Depending upon where you look for results, Mac OS X Lion is running on 30 or 40 or whatever percent of machines in the Mac installed base. All agree that this number keeps climbing.

Depending upon where you look for results, Mac OS X Lion is running on 30 or 40 or whatever percent of machines in the Mac installed base. All agree that this number keeps climbing.

Chitika Insights, an online data analytics company, reported recently that Mac OS X Lion has a 30.47 percent share, while Mac OS X 10.6 (Snow Leopard) and 10.5 (Leopard) have 47.48 percent and 16.4 percent shares, respectively. The Preview of the forthcoming Mountain Lion OS due in the summer has a 0.06 percent share the site reports (it would be unreasonable for anyone to think it would would have any measurable number).

According to Net Applications' Net Market Share counter, Lion has almost caught up to Snow Leopard. Its share figures are Snow Leopard 43 percent, Lion 40 percent, Leopard 14 and Tiger 14 percent. Mac OS X Mountain Lion and the mysterious Other versions have zero percent.

The strength of Snow Leopard isn't so much of a surprise. There are still good reasons not to upgrade. A number of important applications require the Rosetta PPC translation technology, which is not available under Lion. Rosetta is required by a number of applications used in professional Adobe workflows as well as Quicken for Mac.

While Intuit a few weeks ago released Lion Compatible Quicken Mac 2007, which should work on Mac OS X Lion, it appears by the comments in the support discussions that the progress is bumpy and the software is crashing for many users. This isn't the best experience for any program but especially one for a productivity app.

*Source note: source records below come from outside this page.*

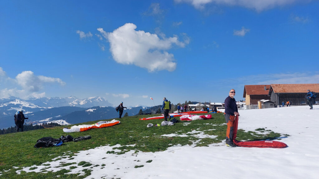 Tömi hatte es schon 2 Tage zuvor angekündigt, dass es heute einen top Flugtag geben wird. Nach meinem Bike&Hike oben angekommen waren um 11 Uhr schon viele Gleitschirme ausgelegt. Die Thermik setzte zeitgleich ein, erste Wölkli hoch über der Krete zeigten es an. Nach dem Start setzte das Steigen sofort ein, sodass man sich im Nu auf 2000müM über dem Startplatz wieder traf. Ich machte die Standardrunde 1x Schwamm/retour. Remo flog noch „etwas“ weiter Richtung Wildhaus, was ein 54km Dreieck ergab.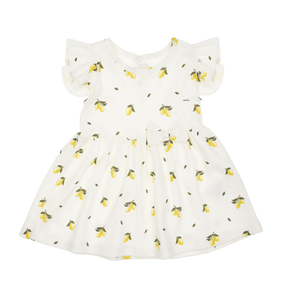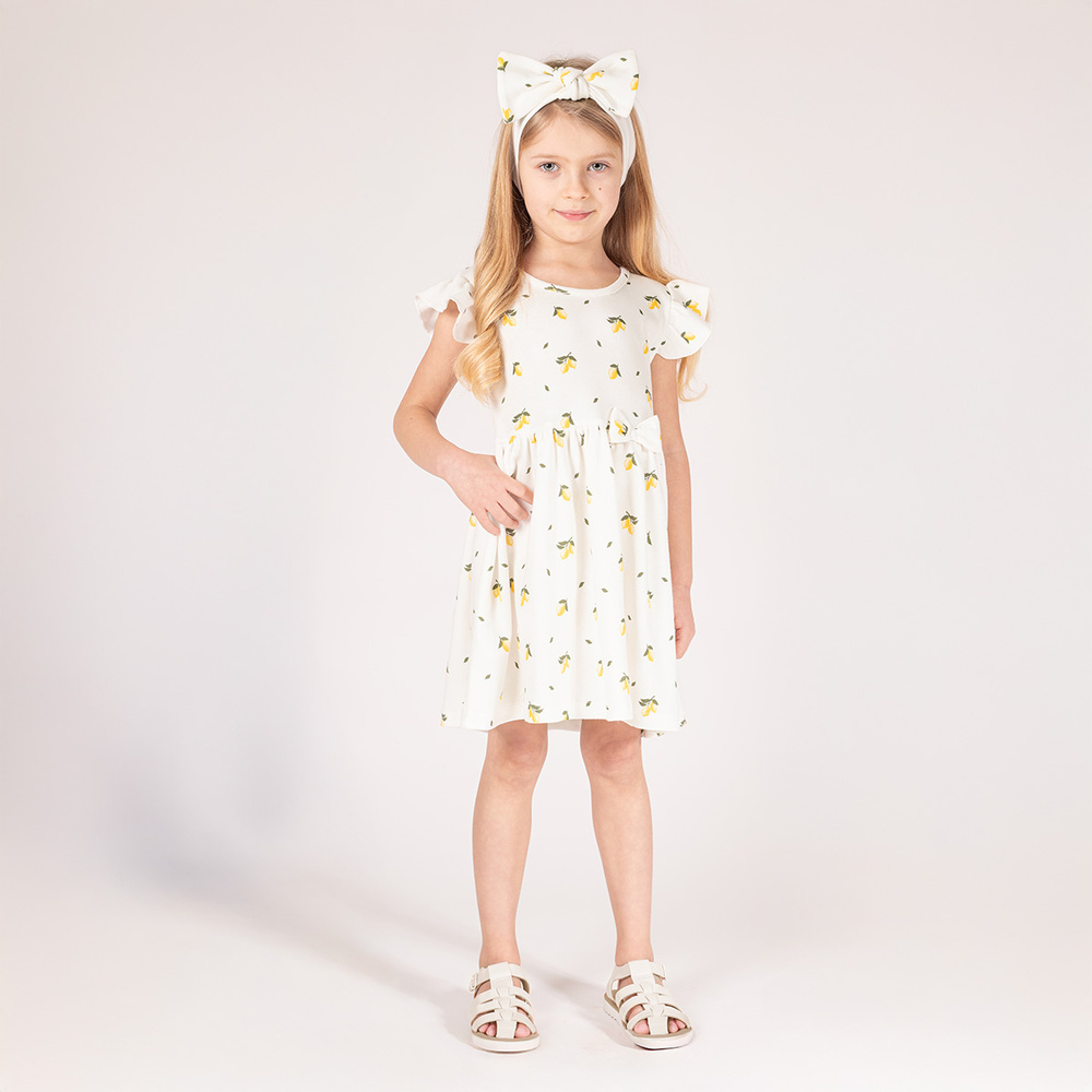 Запитване за продуктМодерна рокля с къс ръкав за момиче. Изработена от ефирен 100% бял памук с лимонена шарка. Капкообразно закопчаване на гърба. Материята е напълно безопасна за детската кожа. Дизайнът е декориран с волани, завършени с волан. Долната част на роклята е прибрана на линията на талията, а долната част на роклята е декорирана с волан. Роклята е удобна и ефирна. Продуктът е идеален за горещото лято.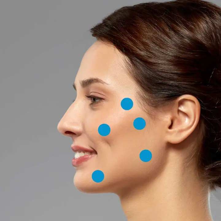Behandling med Jalupro Super Hydro foregår ved hjælp af 6 BAP (Bioactive Points) teknik. Det vil sige produktet fordeles med 5 indstik steder på hvor side af ansigtet.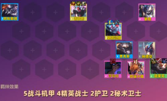 5战斗机甲提供高额属性加成,德莱文携带最后的轻语与无尽之刃破除前排。4精英战士羁绊对低血量单位造成斩杀效果,适合应对重装阵容。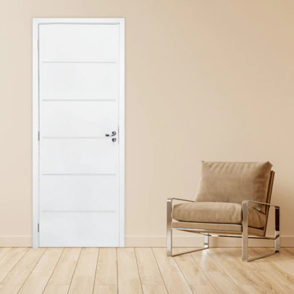 O Kit Porta Pronta Primer Branco para construtora da Germano é certificado dentro das normas ABNT NBR15930, que garante qualidade de produto. O kit porta pronta primer Germano é entregue montado, travado, pronto para instalação. A folha de porta primer possui fundo branco feito com pintura de rolo e secagem UV, que facilita o trabalho de pintura final na obra, possuindo o modelo liso e frisado. Por conta do sistema de regulagem do batente + guarnição(alisar), o kit porta pronta primer da Germano atende a paredes com espessura de 7,5cm até 22cm. Tanto batente quanto guarnição(alisar) também tem fundo branco, e são feitos com pintura à base d'água. Fechadura e dobradiça podem ser as de padrão da Germano ou por compra direta feito pelo cliente.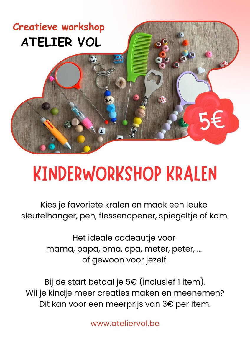 Tijdens deze leuke workshop werken ze met kralen en maken ze hun eigen unieke creaties. Ze kunnen kiezen uit verschillende items zoals een sleutelhanger, pen, flessenopener, spiegeltje of kam. Perfect om iets persoonlijks te maken of cadeau te geven.

I still receive one or two letters a week from folks who upgraded to Lion and didn't get the message about Quicken. If you are running Quicken for Mac, don't upgrade to Lion unless you have a spare machine that can run Snow Leopard or Leopard. I don't recommend running Snow Leopard as a separate boot on a Lion machine.

Aside from the Mac OS, Net Applications says that the iOS platform has a 60 percent share of the mobile market. Java ME and Symbian are the big losers over the course of the past year: Java fell from 24 percent to 15.86, and Symbian fell from 6.3 percent to 2.77 percent. Good for Apple and Google (Android).